Brandon came in to meet Christian and others and while he loved talking to them about the foods they may incorporate into the kitchen, but they soon started talking about the grains used for the beers. It was a long conversation — taking years to find quality grains — mainly wheat and barley — that would grow well in the area.
Commitment to Local
The brewery has a commitment to local and Christian says they do what they can to “celebrate the land, culture and heritage in our beers.” They do it through the brands, ingredients and more. The winter seasonal is a sweet potato stout and the sweet potato farmer is even featured on the bottle!
There are lots of opportunities, and the success is mutual for farm and brewer. Barley wasn’t common in the area so it took some work. Hops can be grown locally but to get some of the bigger areas you may need to go elsewhere. Tennessee has been known for corn and corn whiskey a long time, barley fits there. Hops may not be as scaleable.
Having employees of both the brewery and the farm trying to figure it out. The early rounds of estimates meant it may be twice as much as some other sources. So unmalted wheat was a entry point and the blonde beer was high on wheat. The risk of changing the beer was a bit worrisome and Tennessee Brew Works ended up needing to go in wholeheartedly.
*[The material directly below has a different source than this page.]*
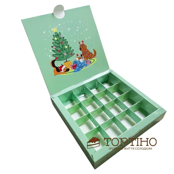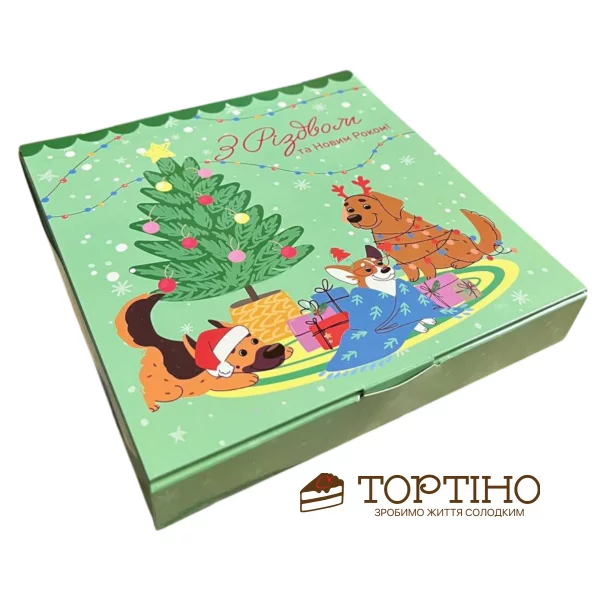 Головна - Пакувальні матеріали - Картонна упаковка - Коробка для пряників і цукерок - Коробка для цукерок Новорічні песики, 18,5*18,5*3 см

Buying locally seems to Christian to have had quality and taste differences which is appreciated. On some foods it may be easier to notice but daily beer tastings lead Christian to say there is a difference.
Changing Dynamics of Nashville
Tennessee Brew Works bought the building in 2012, the neighborhood was rough but as the city has exploded, it came to the brewery. The neighborhood has built up around it and the restaurant has built the neighborhood too.
The craft beer trend may be slowing but having transparency, finding a way to do what they love for a living, they are working to do this the right way.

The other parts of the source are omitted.